Çoğu vakada görme azalması ve merkezi görme alanı defekti kalıcıdır. Son düzeltilmiş görme keskinliği genellikle 0.01 civarındadır. Nadir de olsa, optik atrofi sonrasında bile düzeltilmiş görme keskinliğinin 1.0’a kadar iyileştiği vakalar vardır. Görme fonksiyonundaki iyileşme oranı gen mutasyon tipine göre değişir.
| Mutasyon | Kendiliğinden iyileşme oranı | Prognoz |
|---|---|---|
| mt11778 | %14-20 arası (15 yaş üstünde yaklaşık %11)3) | En kötü |
| mt14484 | En yüksek (%37-71) | Nispeten iyi |
| mt3460 | Orta | Şiddetli tip |
LEROS çalışmasında tedavi etkisi 24 aya kadar sürdü ve iyileşme devam etti7). Galler kohortunda 24 ayda CRR %71 iken doğal seyir grubunda %24 (p<0.001) anlamlı fark gözlendi2). Görme iyileşmesinin zirvesi yaklaşık 27. aydaydı ve sonrasında korunma veya hafif düşüş eğilimi görüldü2).
AAV2 vektörüne yabani tip MT-ND4 geni ve mitokondriyal hedefleme sinyali eklenmiş bir formülasyondur3). İntravitreal enjeksiyonla retina ganglion hücrelerine ND4 geni allotropik ekspresyon yöntemiyle aktarılır.
Kemik iliği kaynaklı MKH ekzozomları yoluyla miRNA transferi ile RGC dejenerasyonunun geri kazanılmasını amaçlayan araştırmalar devam etmektedir. iPSC-MKH nakli ile mitokondriyal fonksiyonun geri kazanılması ve tünel nanotüpleri (TNT) aracılığıyla sağlıklı mitokondrilerin hücreler arası transferi de araştırılmaktadır. Bunların tümü LHON’da klinik uygulama için preklinik aşamadadır.
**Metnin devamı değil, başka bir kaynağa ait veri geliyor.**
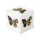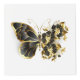 Gold flower butterfly with black jewellery orchid, decorated with gold leaves on white background.

DNAJC30 mutasyonuna bağlı arLHON, daha genç başlangıç yaşı ve daha yüksek görme iyileşme oranı ile karakterizedir. DNAJC30, kompleks I onarımı için bir şaperon proteindir ve spesifik bir tedavi hedefi olarak dikkat çekmektedir. Klinik tablosu normal LHON ile örtüştüğü için, genç başlangıçlı vakalarda agresif gen paneli testi önerilir. Ayrıca MCAT mutasyonuna bağlı nükleer LHON da rapor edilmiştir 8).
Taşıyıcılarda görme kaybı başlangıcından önceki OCT değişiklikleri (RNFL kalınlaşması) olası bir öngörü belirteci olarak öne sürülmüştür 5) ve önleyici müdahalelerin (erken idebenon uygulaması gibi) etkinliğinin değerlendirilmesi gelecekteki bir zorluktur.
Çocuklarda ambliyopi ile karışabilir ve ambliyopi tedavisine yanıt alınamadığında LHON düşünülerek genetik test önerilir 9).